> [Problem requirements] All records are to be reproduced verbatim, with images omitted.

> [Dataset excerpts]
....................

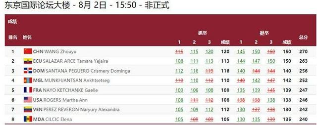 接下来的挺举比赛,汪周雨145公斤开把成功,二把成功举起150公斤,从而以总成绩270公斤锁定金牌。
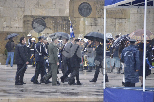 Υπό βροχή έφθασε στην πλατεία Συντάγματος ο υπουργός Εθνικής Άμυνας Πάνος Καμμένος, προκειμένου να παρακολουθήσει τη στρατιωτική παρέλαση για την επέτειο της 25ης Μαρτίου.
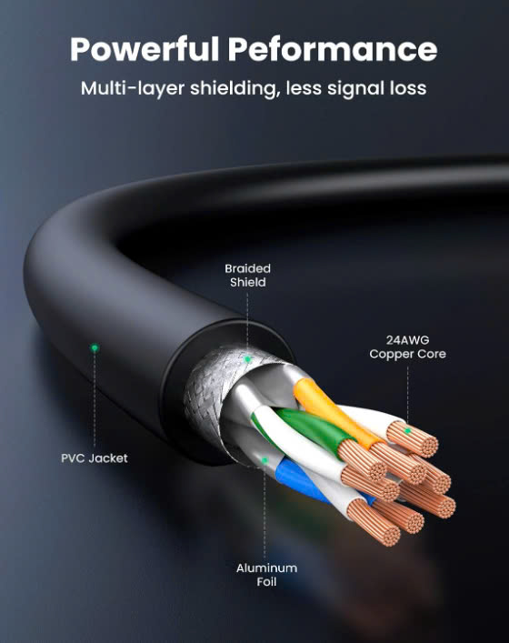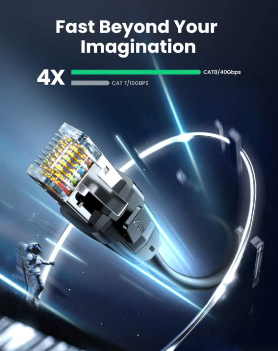 - Với tiêu chuẩn nối dây T568B, cáp Loại 8 tương thích ngược với tất cả các kết nối ethernet Cat5e, Cat6, Cat6A và Cat7 cũ, giúp mạng doanh nghiệp và trung tâm dữ liệu của bạn vẫn có khả năng tương lai hơn.
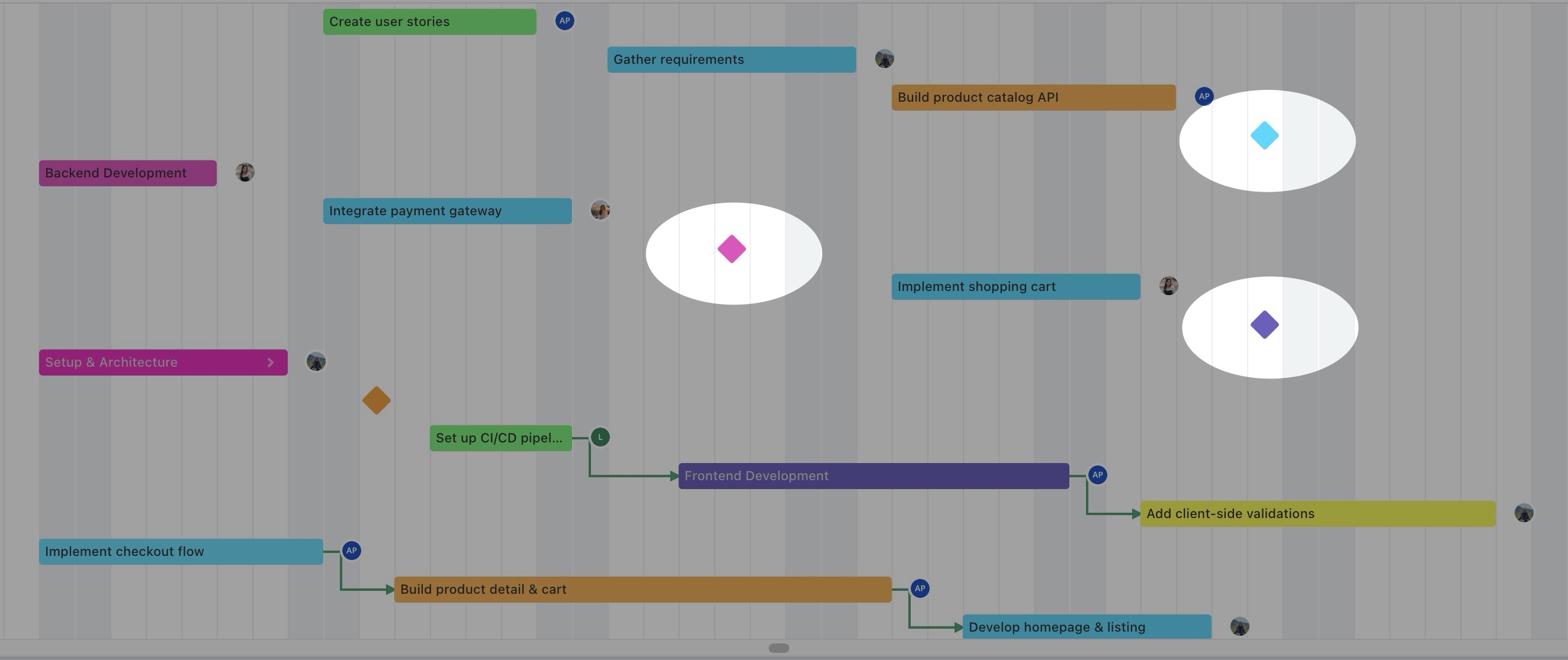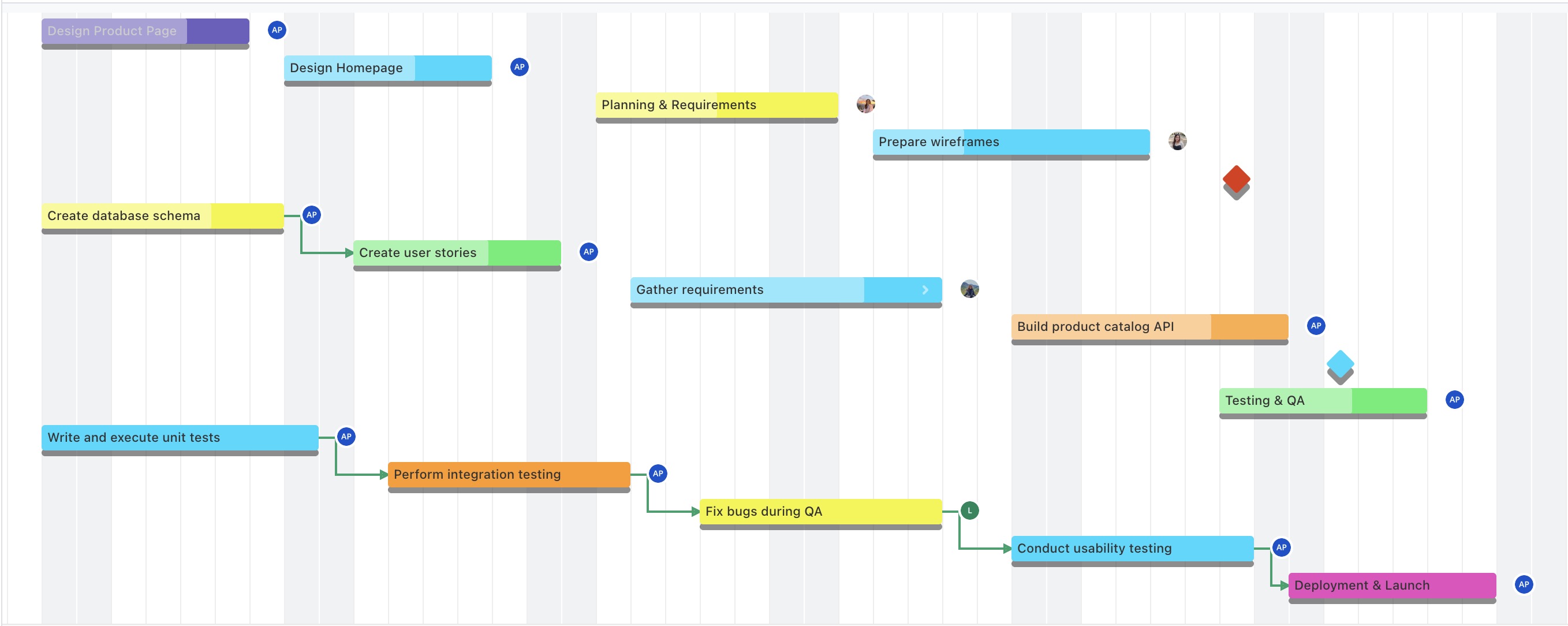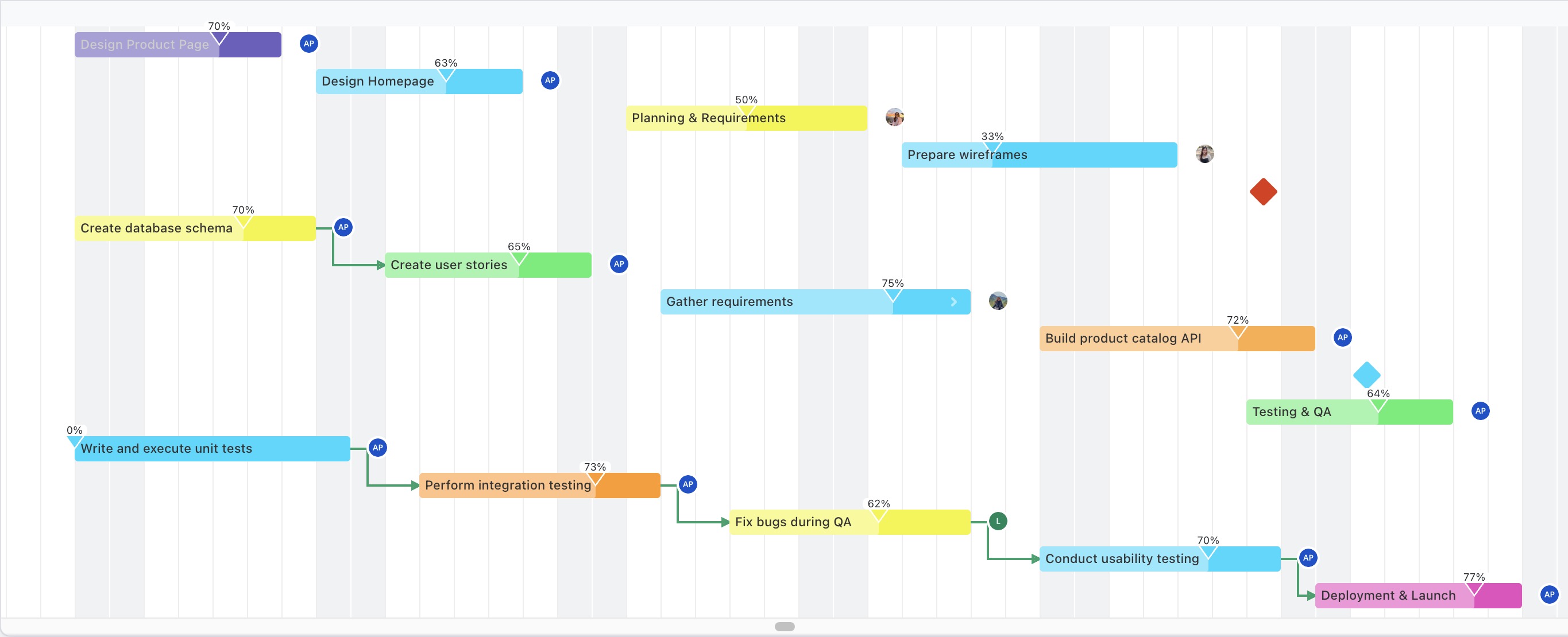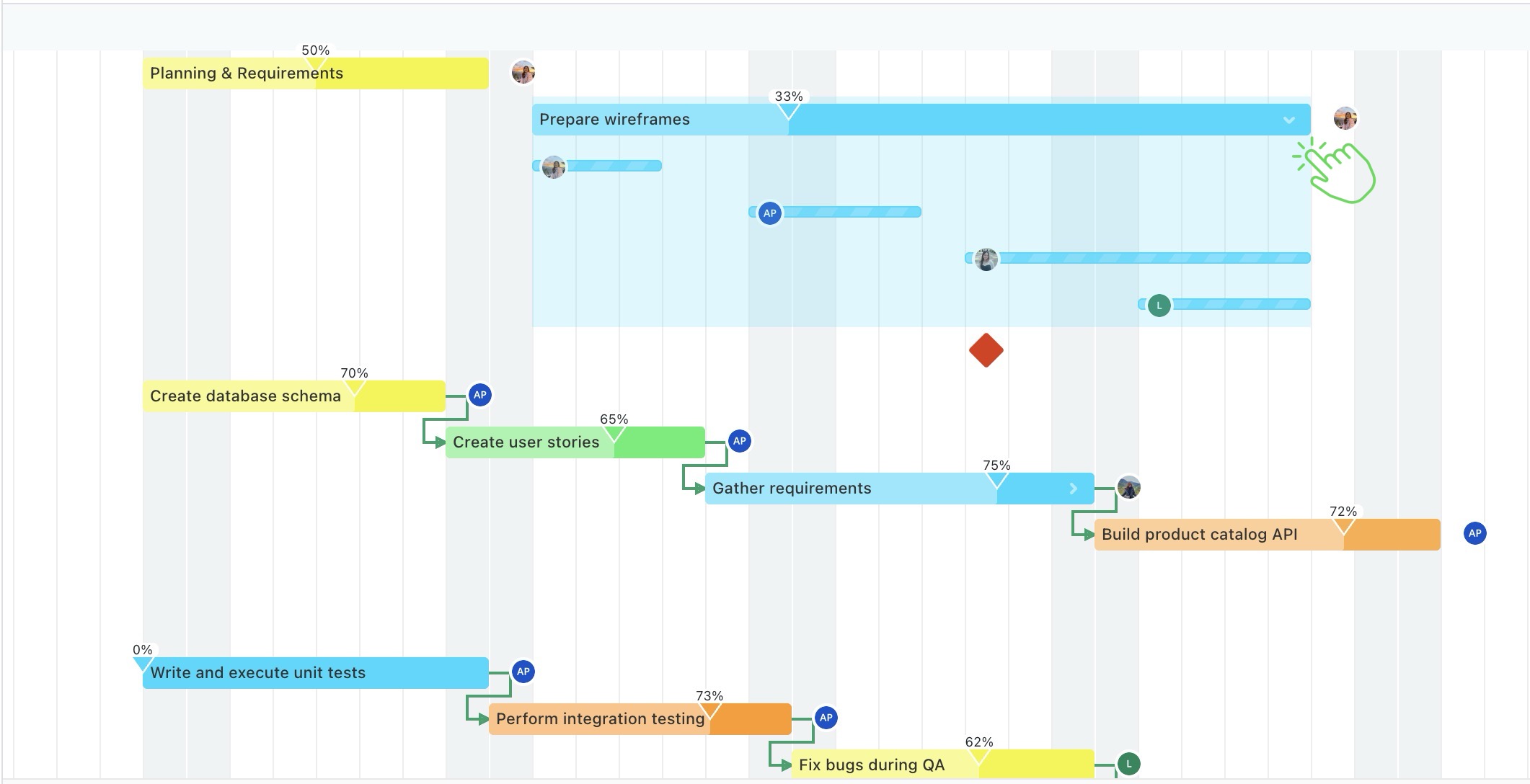 The Gantt view displays your project’s tasks on a visual timeline, with each task shown as a horizontal bar spanning its start and end dates. This allows you to easily see task durations, schedules, and dependencies.
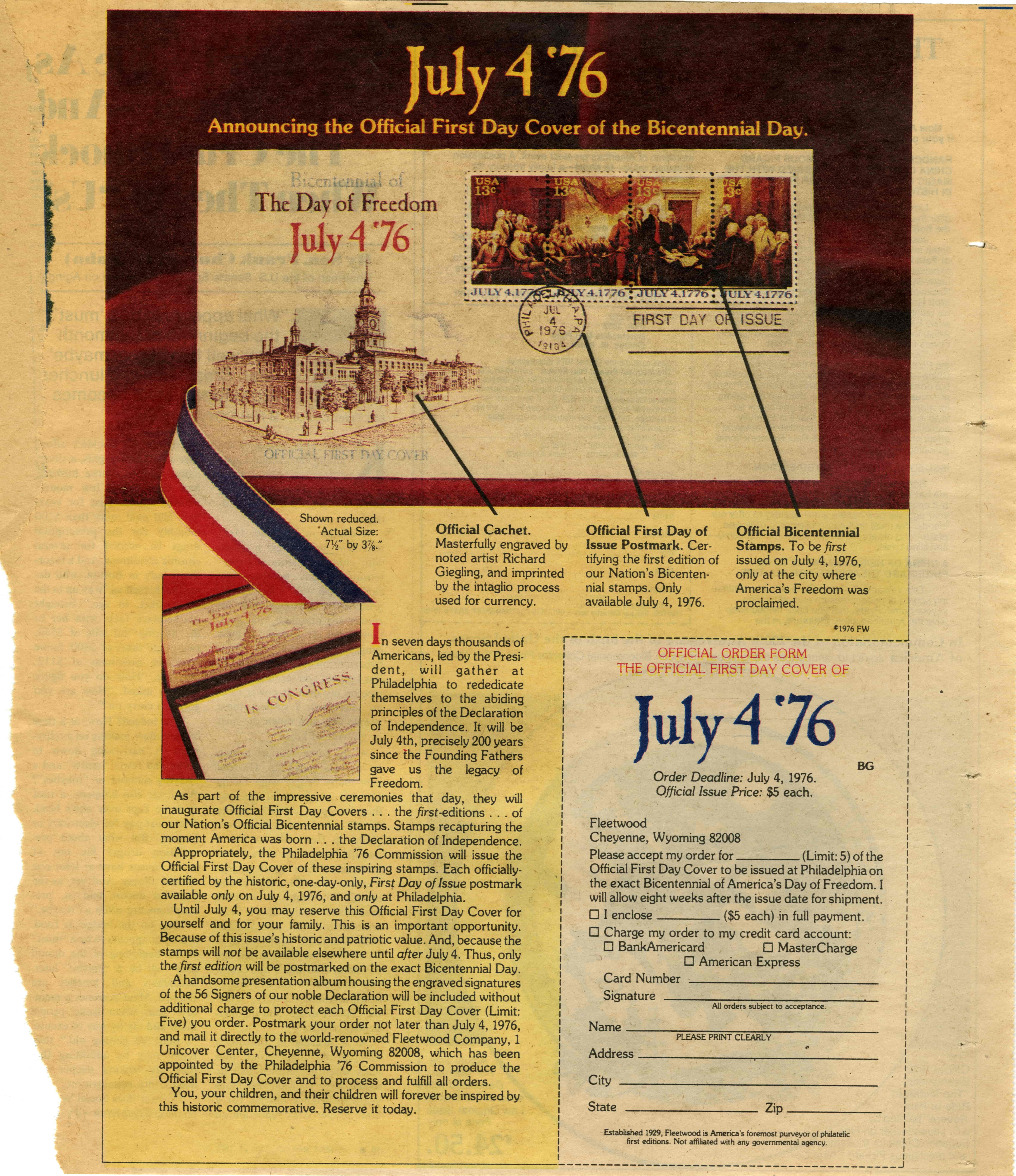 Official First Day Cover Stamp Ad 1

....................

> [Task result]
 接下来的挺举比赛,汪周雨145公斤开把成功,二把成功举起150公斤,从而以总成绩270公斤锁定金牌。
 Υπό βροχή έφθασε στην πλατεία Συντάγματος ο υπουργός Εθνικής Άμυνας Πάνος Καμμένος, προκειμένου να παρακολουθήσει τη στρατιωτική παρέλαση για την επέτειο της 25ης Μαρτίου.
 - Với tiêu chuẩn nối dây T568B, cáp Loại 8 tương thích ngược với tất cả các kết nối ethernet Cat5e, Cat6, Cat6A và Cat7 cũ, giúp mạng doanh nghiệp và trung tâm dữ liệu của bạn vẫn có khả năng tương lai hơn.
 The Gantt view displays your project’s tasks on a visual timeline, with each task shown as a horizontal bar spanning its start and end dates. This allows you to easily see task durations, schedules, and dependencies.
 Official First Day Cover Stamp Ad 1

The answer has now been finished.